Arno hat einen sehr guten Einfluss auf die Spieler. Seine Aufgabe ist das Motivieren, Anpeitschen oder auch mal Beruhigen. Del Curto hat eine sehr gute und wichtige Aufgabe und kann auch Ansprechpartner für Sorgen und Nöte der Spieler sein. Arno kann sich da mit seiner immensen Erfahrung einbringen. Der Hintergrund seiner Tätigkeit ist auch, dass Arno und ich seit über 30 Jahren durch gemeinsame Coaching-Zeiten sehr gute Freunde sind. Ich selbst bin in Österreich als Headcoach für den gesamten Trainer-Stab mit insgesamt sechs Coaches verantwortlich. Jede einzelne Position ist bei uns top besetzt. Ich finde es schade, dass man Arno da manchmal so heraushebt, auch wenn er seine Sache natürlich sehr gut macht und er wichtig ist. Doch dies ist der Video- oder der Goalie-Coach oder unser Analytiker des Gegners genauso.
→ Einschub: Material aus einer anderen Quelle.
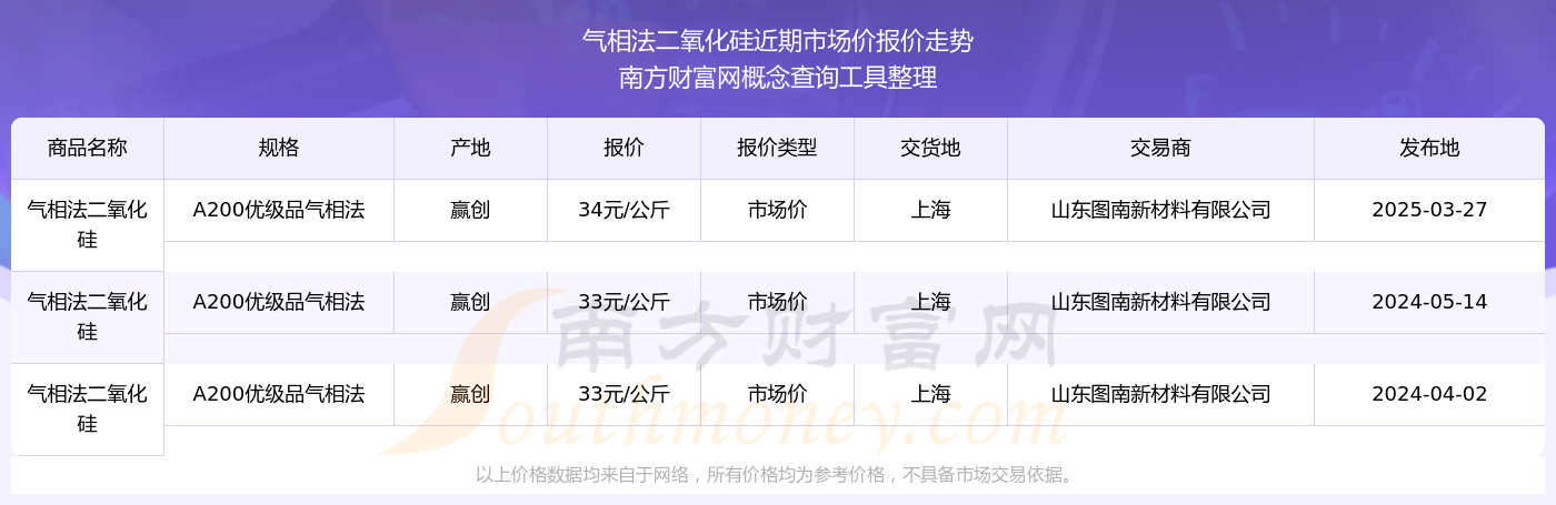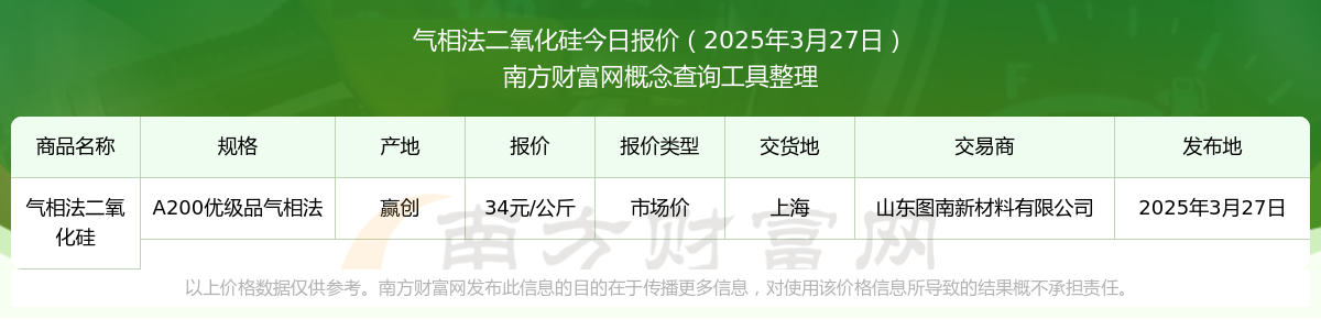 2025年3月27日,氣相法二氧化硅(A200優(yōu)級品氣相法)市場價價格為34.00元/公斤,報價人:山東圖南新材料有限公司,交易地點為上海。

Bernd Wolf ist neben Zwerger ein anderer Ihrer WM-Spieler und Leistungsträger. Der Verteidiger stösst nun von Lugano zu Kloten. Wolf war in der letzten Saison bei Lugano bezüglich Skorerpunkten so produktiv wie Klotens Abwehrspieler im Gesamttotal.
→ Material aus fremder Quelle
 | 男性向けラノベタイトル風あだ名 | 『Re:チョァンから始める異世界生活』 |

Kloten kann sehr zufrieden sein, Bernd Wolf zu erhalten. Er ist wie Zwerger seit 2016 Spieler von mir in Österreichs Auswahl, zunächst in der U20, danach im Nationalteam. Er ist ein ganz starker Zweikämpfer. Bernd ist defensiv top. Er kann von hinten hinaus unter Druck und starkem gegnerischem Forechecking einen Angriff einleiten. Seine Plus-Minus-Statistik an der WM war sehr gut. Er war ein wichtiger Spieler für unser Team, auch wenn er eher weniger ein Powerplay-Spieler ist. Er wird aber für Kloten mit seinem Kampfgeist und seiner Siegermentalität zu einem grossen Gewinn werden. Das ist er auch für uns im Nationalteam. Lugano könnte es noch bereuen, dass Wolf nicht mehr für dieses Team spielt.